In a span of just one month since its launch, Worldcoin’s WLD token has encountered significant challenges, with a 9.1% price decrease in the past 24 hours and a striking 43.6% loss over the last 30 days.
This decline comes after the cryptocurrency project led by Sam Altman introduced its token to the market.
As of 4:15 p.m. HKT, WLD was trading at approximately $1.33, a substantial drop from its initial price of $2.36 a month ago, according to data sourced from CoinGecko.

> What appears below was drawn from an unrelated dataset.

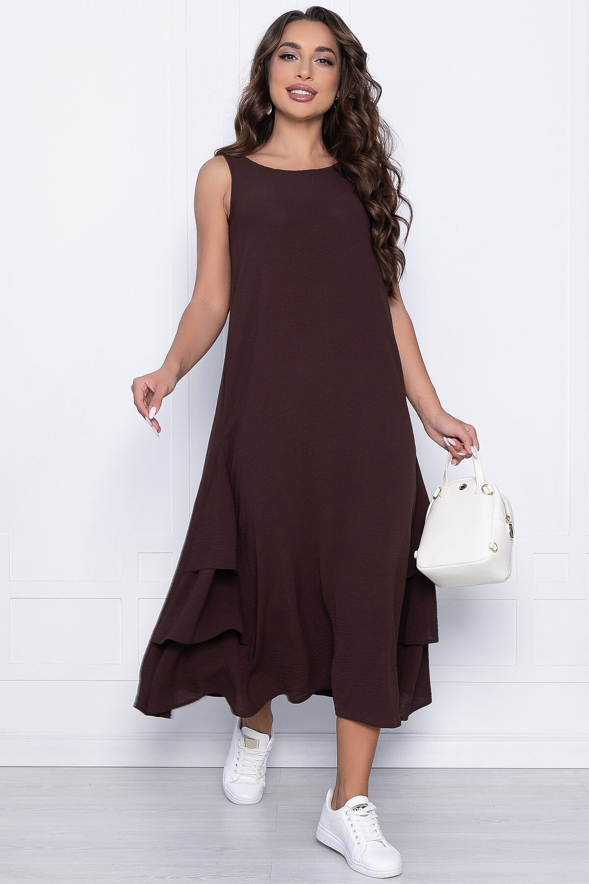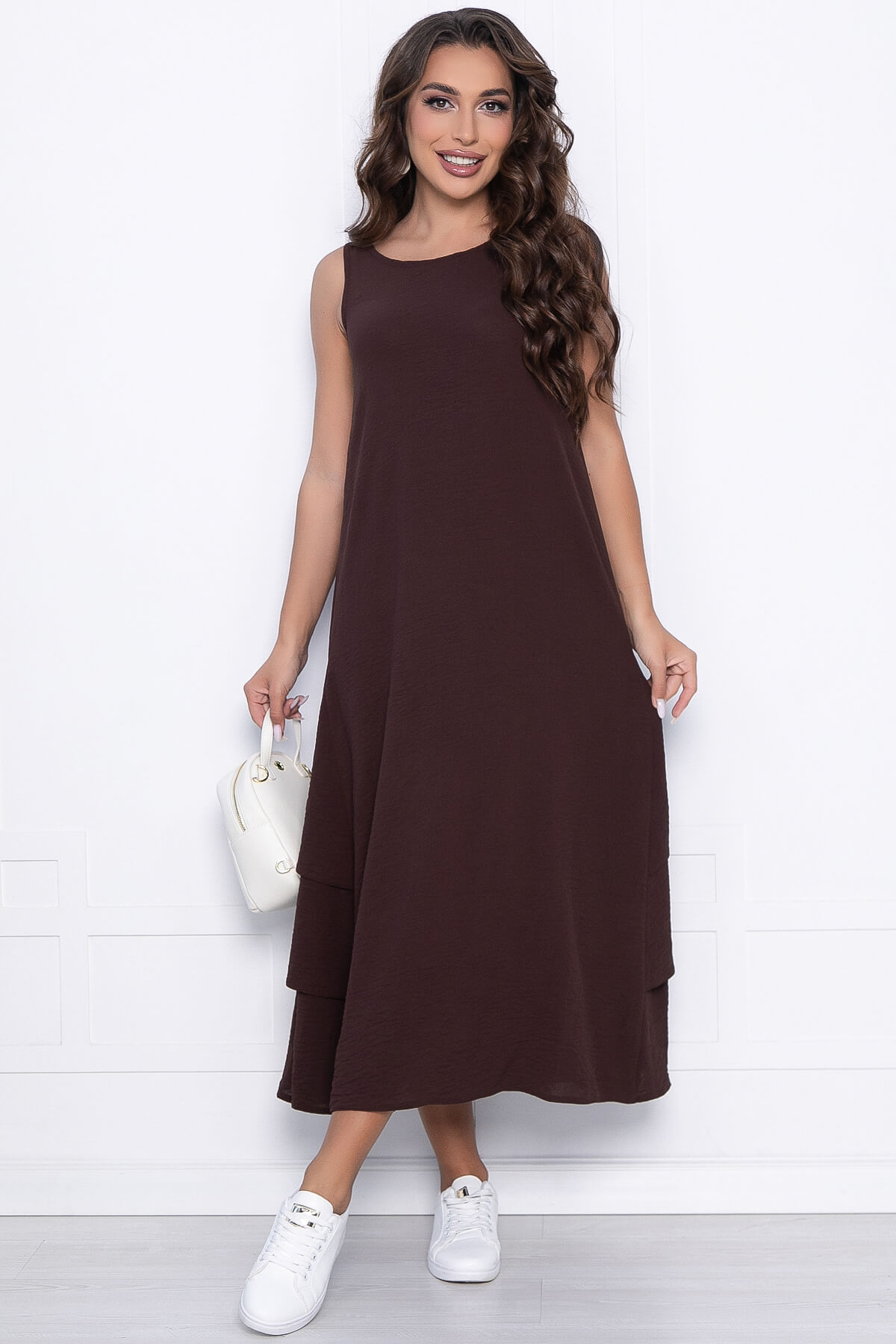 Платье со вставками в виде нескольких ярусов — необычная модель в романтическом стиле, которая позволит выглядеть женственно и привлекательно каждый день. Фасон А-силуэта без рукавов плавно расклешается к низу, не подчеркивает нюансы фигуры, позволяет чувствовать себя комфортно и уверенно. Главный акцент платья — боковые вставки в виде клиньев, которые добавляют образу легкости и создают эффект летящей походки. Носить модель можно как в качестве самостоятельного элемента гардероба, так и поверх базовых однотонных футболок, топов.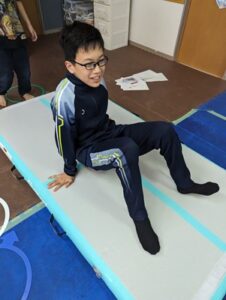 トランポリンを乗ったり、平均台を歩いたり

Jeff Mei, the Chief Operating Officer of crypto exchange BTSE, expressed concerns regarding this recent downward trend in the value of Worldcoin’s WLD token. Mei noted that this trend contrasts with the recovery seen in other tokens, like Ripple’s XRP.
“Worldcoin’s WLD token is facing challenges, particularly due to the regulatory landscape and data privacy concerns,” said Mei.
He elaborated that the regulatory issues have led to restrictions on U.S. residents purchasing or trading the token, intensifying selling pressure.
Reports have also emerged about Kenya’s parliament forming a committee to investigate Worldcoin’s activities within the country.
Worldcoin’s project, spearheaded by Tools for Humanity, was co-founded by Sam Altman, Alex Blania, and Max Novendstern in 2019. The project encourages users to establish their online identity through a World ID, facilitated by an iris scan.
At the time of writing, Tools for Humanity had not responded to requests from The Block for comments.
The road for Worldcoin has been rocky, with Kenya suspending the project earlier this month. This decision followed reports that Worldcoin had already garnered over a quarter of a million users in Nairobi, Kenya’s capital, by December 2022.
Furthermore, Bavaria’s State Office for Data Protection Supervision initiated an investigation last year due to concerns about how sensitive data collected might be used.